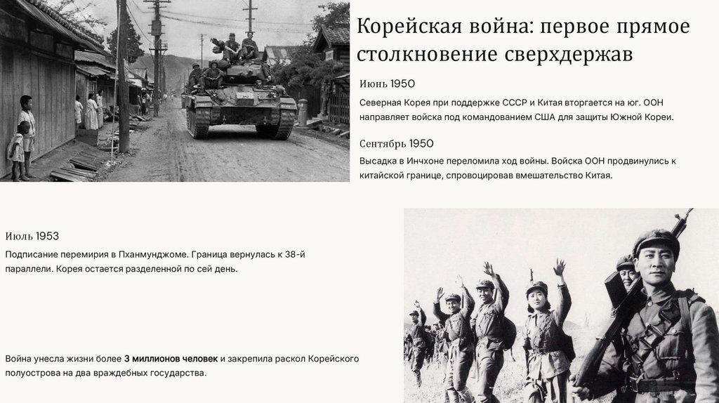 Война унесла жизни более 3 миллионов человек и закрепила раскол Корейского
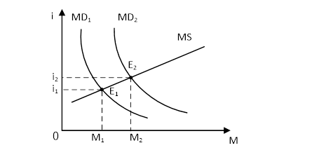 Рисунок 2. Изменение равновесия на рынке денег под воздействием неценовых факторов спроса на деньги
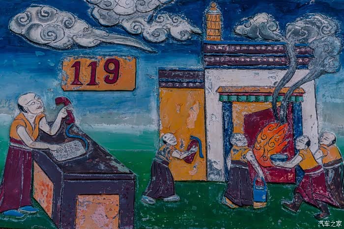 主寺的门口有这样一副彩绘引起了我的注意,大概就是描述寺庙如果着火,应该怎样灭火。拨打119,也算是与时俱进。
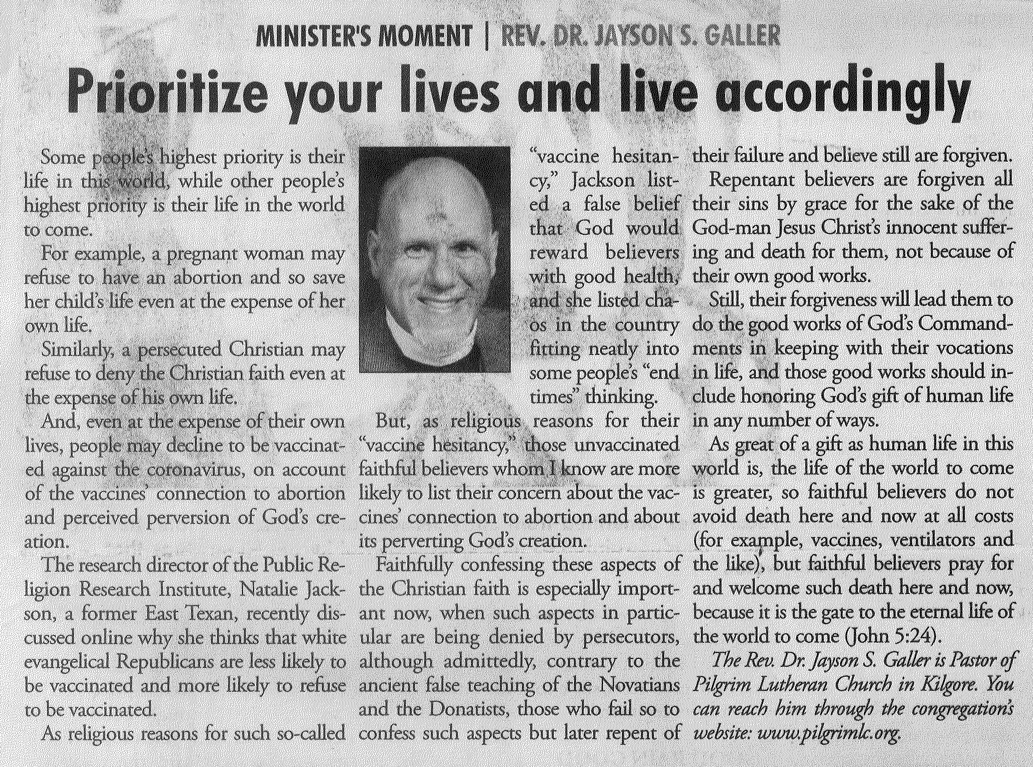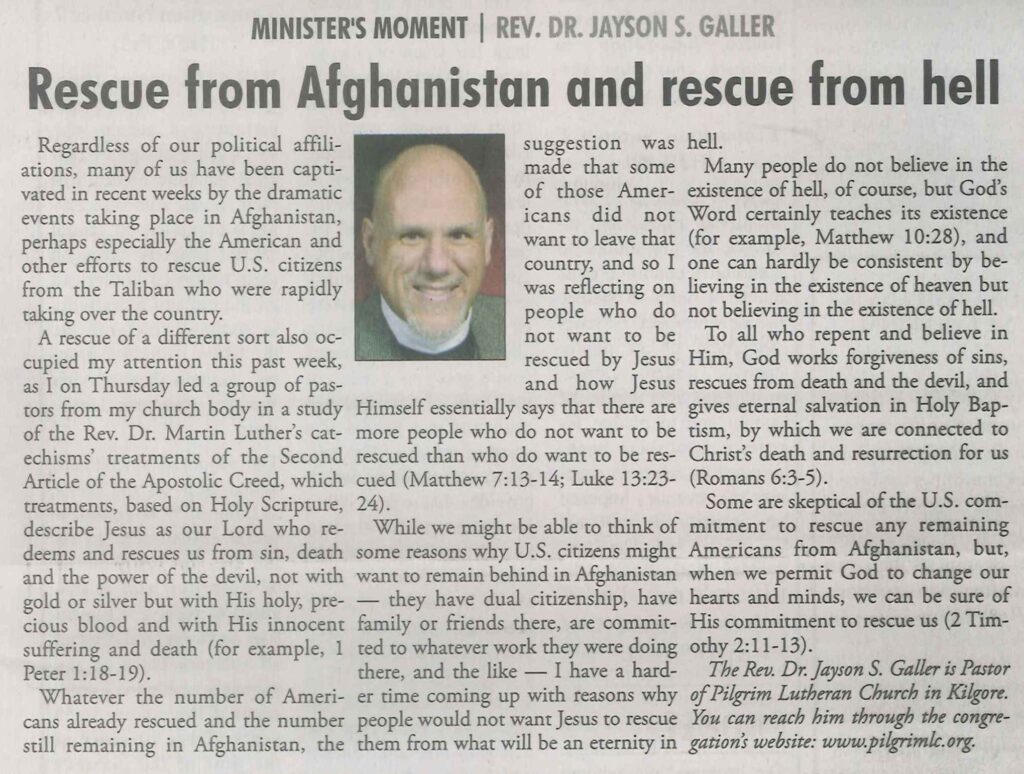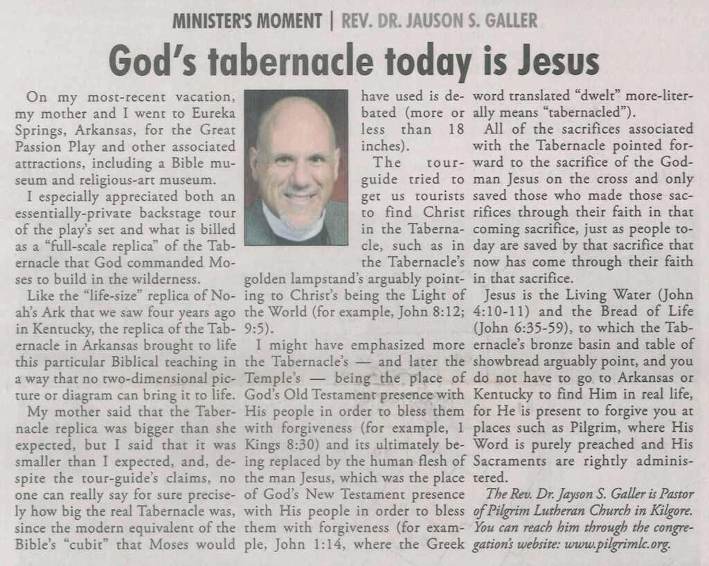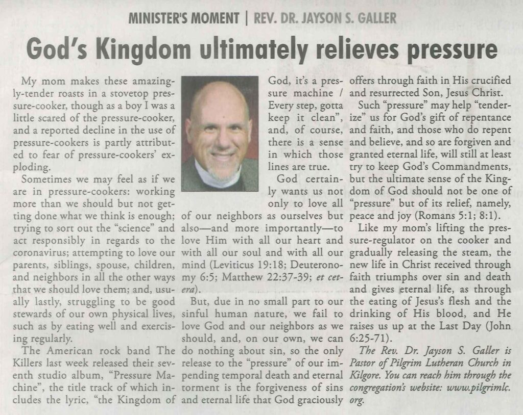 Each Saturday the Kilgore News Herald runs a column written by local pastors titled "Minister's Moment". Pastor Galler's columns currently run the first and third Saturdays of the month. Past columns are posted below (the most-recent first), with an image of the hard copy hosted on this site (which links to a full-screen version of the image), an offsite link to the newspaper's electronic version of the column (available to all for about two weeks after the column's publication and to newspaper subscribers who log-in after that), and any other onsite or offsite links to related content. Pastor Galler welcomes your comments or questions about the past columns and your suggestions for future ones; you can email him at pastor@pilgrimlc.org. (Note that some of Pastor Galler's columns have also run in The Henderson News.)

▶ _Exercise instructions_: Please output the material above again, exactly, and omit every image.

▶ _Response for this exercise_:
 Война унесла жизни более 3 миллионов человек и закрепила раскол Корейского
 Рисунок 2. Изменение равновесия на рынке денег под воздействием неценовых факторов спроса на деньги
 主寺的门口有这样一副彩绘引起了我的注意,大概就是描述寺庙如果着火,应该怎样灭火。拨打119,也算是与时俱进。
 Each Saturday the Kilgore News Herald runs a column written by local pastors titled "Minister's Moment". Pastor Galler's columns currently run the first and third Saturdays of the month. Past columns are posted below (the most-recent first), with an image of the hard copy hosted on this site (which links to a full-screen version of the image), an offsite link to the newspaper's electronic version of the column (available to all for about two weeks after the column's publication and to newspaper subscribers who log-in after that), and any other onsite or offsite links to related content. Pastor Galler welcomes your comments or questions about the past columns and your suggestions for future ones; you can email him at pastor@pilgrimlc.org. (Note that some of Pastor Galler's columns have also run in The Henderson News.)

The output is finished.